The number of faces of the 4₂₁ polytope = 60480 = 9×6720. The number of edges & faces = 6720 + 9×6720 = 10×6720 = 67200 = 50×1344. In other words, it is the number of yods intrinsic to the 700 regular polygons enfolded in 50 Trees that surround their centres. ELOHIM, the Godname of Binah with number value 50, prescribes the number of shape-forming edges & faces of the 4₂₁ polytope. Also:

6720 = 10×(26² − 2²) = 10×(5+7+9+...+51),

where 51 is the 50th integer after 1. ELOHIM prescribes the number of edges in the 4₂₁ polytope.

The number of corners, sides & triangles in the faces and interior of the 4₂₁ polytope = 74400 = 31×10×240 (see the first table in #12). The 31st prime number is 127. This is the number of triangles in the 10-tree constructed from Type A triangles. Its inner form contains 13680 yods, which is the number of yods lining the edges of the 4₂₁ polytope when its faces are tetractyses: 240 + 2×6720 = 13680.

The number of yods lining the edges of the 4₂₁ polytope when its faces are tetractyses = 240 + 2×6720 = 13680 = 1368×10. As 37² − 1 = 3 + 5 + 7 +... + 73 = 1368, the number of boundary yods shaping the 4₂₁ polytope is the number of yods in 1368 tetractyses, where 1368 is the sum of the first 36 odd integers after 1. ELOHA prescribes the boundary of the 4₂₁ polytope. As the last of these odd integers = 73 = 21st prime number, this is how EHYEH prescribes the number of yods lining the edges of the 4₂₁ polytope_.

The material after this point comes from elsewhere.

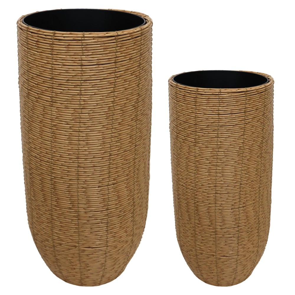 Ky set i vazo lulesh është një zgjedhje e shkëlqyer për të shtuar një prekje natyrale dhe elegante në dekorin e shtëpisë suaj. Vazot kanë një dizajn të thjeshtë dhe të bukur, që i bën ato të përshtatshme për të kombinuar me stilin e ndryshëm të dekorimit të shtëpisë tuaj. Struktura e kashtës jep një ndjenjë autentike dhe natyrore, duke sjellë një atmosferë të qetë dhe të qëndrueshme.

The compound of two 600-cells has 240 vertices that are the 4-dimensional projection of the 240 vertices of the 4₂₁ polytope. The two 600-cells have (1200+1200=2400) triangular faces and (720+720=1440) internal triangles, making a total of 3840 (=384×10) triangles. 384 is the 383rd integer after 1, where 383 is the 76th prime number.

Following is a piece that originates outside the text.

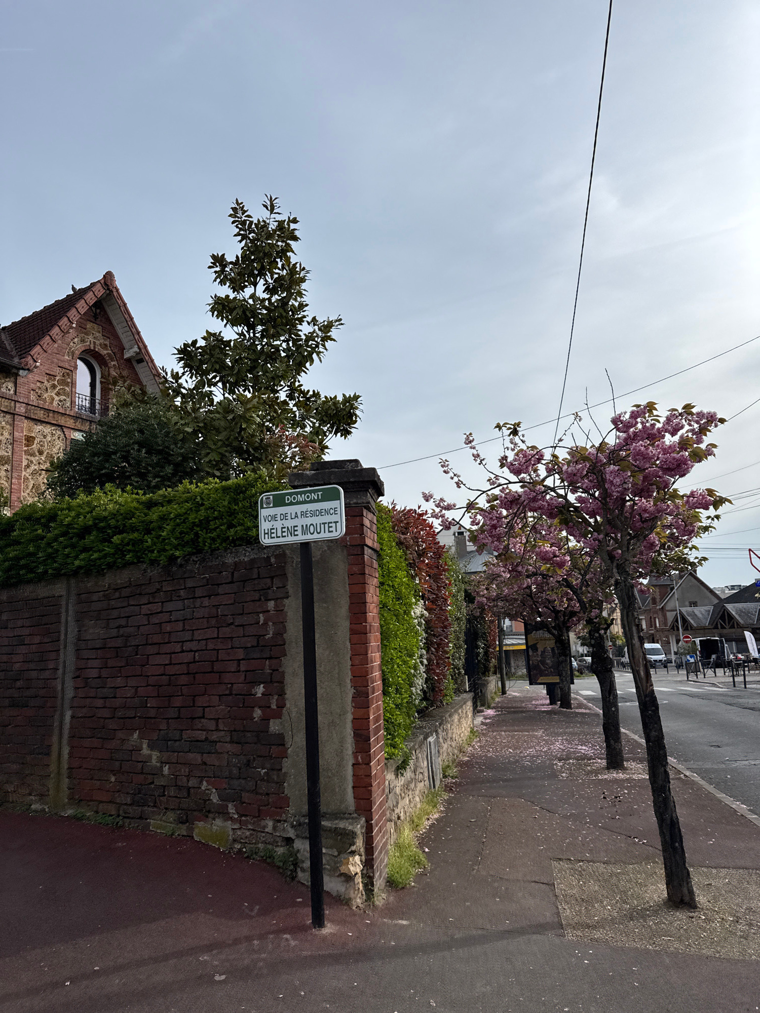 The image shows a street scene in Domont, France. A street sign indicates "DOMONT VOIE DE LA RESIDENCE HELENE MOUTET." A brick wall runs along the sidewalk, covered with green ivy and various plants.…read more

6720 = 16800×2480/(2²+3²+4²+...+26²).

As 168 = 13² − 1,

16800 = 168×10² = (13² − 1)10² = 130² −10² = (2×65)² − (2×5)²

= 4(65² − 5²).

65² = 1 + 3 + 5 + 7 + 9... + 129

and

5² = 1 + 3 + 5 + 7 + 9.

Therefore,

16800 = 4(11+13+15+... +129).

and

6720 = (11+13+15+...+129)×4×2480/(2²+3²+4²+...+26²).

154×240 hexagonal yods are in the 30240 faces in each half of the 4₂₁ polytope constructed from tetractyses, where 154 is the 153rd integer after 1 (see commentary on the second table in #12).

An octagon whose sectors are tetractyses contains 49 yods. Surrounding the centres of two separate Type C octagons are 672 yods. Weighted with the Decad, they generate the number 6720 (see #19).

The 10-tree has 65 Sephirothic levels (see #2 in Wonders of superstrings). The 13680 yods in its inner form correspond to the 13680 yods lining the edges of the 4₂₁ polytope when its faces are tetractyses.

The number of corners, sides & triangles in the faces and interior of each half of the 4₂₁ polytope = 74400/2 = 37200 = 155×240.